SUPPLIED INFORMATION:
-- Opening Marker --
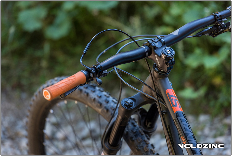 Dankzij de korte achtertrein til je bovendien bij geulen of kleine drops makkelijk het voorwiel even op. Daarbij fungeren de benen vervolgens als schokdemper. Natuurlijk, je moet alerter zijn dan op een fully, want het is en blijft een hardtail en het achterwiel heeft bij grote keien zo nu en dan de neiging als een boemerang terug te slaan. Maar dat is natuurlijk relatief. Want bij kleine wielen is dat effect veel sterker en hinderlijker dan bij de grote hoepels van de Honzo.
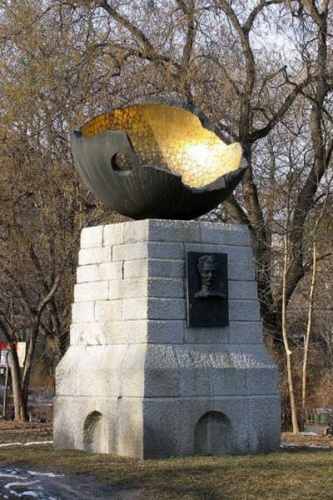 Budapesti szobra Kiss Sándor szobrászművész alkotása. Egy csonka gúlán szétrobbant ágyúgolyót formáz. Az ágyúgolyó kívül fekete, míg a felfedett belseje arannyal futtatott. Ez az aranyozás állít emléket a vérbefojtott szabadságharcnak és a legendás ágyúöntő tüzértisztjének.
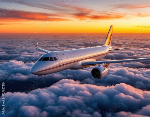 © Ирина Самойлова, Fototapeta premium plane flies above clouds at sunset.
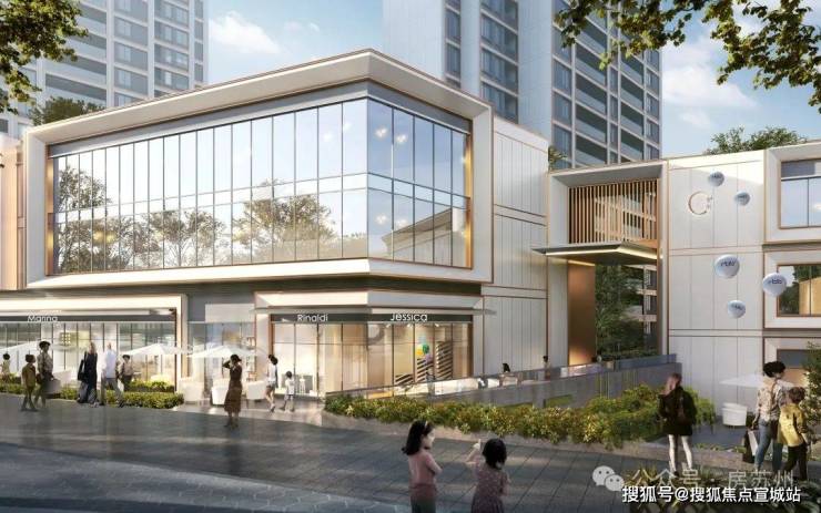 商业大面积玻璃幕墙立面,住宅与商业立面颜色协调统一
-- Closing Marker --
TASK DESCRIPTION:
Transcribe the whole listing exactly as it stands, apart from the pictures.

RESPONSE FOR THIS EXERCISE:
 Dankzij de korte achtertrein til je bovendien bij geulen of kleine drops makkelijk het voorwiel even op. Daarbij fungeren de benen vervolgens als schokdemper. Natuurlijk, je moet alerter zijn dan op een fully, want het is en blijft een hardtail en het achterwiel heeft bij grote keien zo nu en dan de neiging als een boemerang terug te slaan. Maar dat is natuurlijk relatief. Want bij kleine wielen is dat effect veel sterker en hinderlijker dan bij de grote hoepels van de Honzo.
 Budapesti szobra Kiss Sándor szobrászművész alkotása. Egy csonka gúlán szétrobbant ágyúgolyót formáz. Az ágyúgolyó kívül fekete, míg a felfedett belseje arannyal futtatott. Ez az aranyozás állít emléket a vérbefojtott szabadságharcnak és a legendás ágyúöntő tüzértisztjének.
 © Ирина Самойлова, Fototapeta premium plane flies above clouds at sunset.
 商业大面积玻璃幕墙立面,住宅与商业立面颜色协调统一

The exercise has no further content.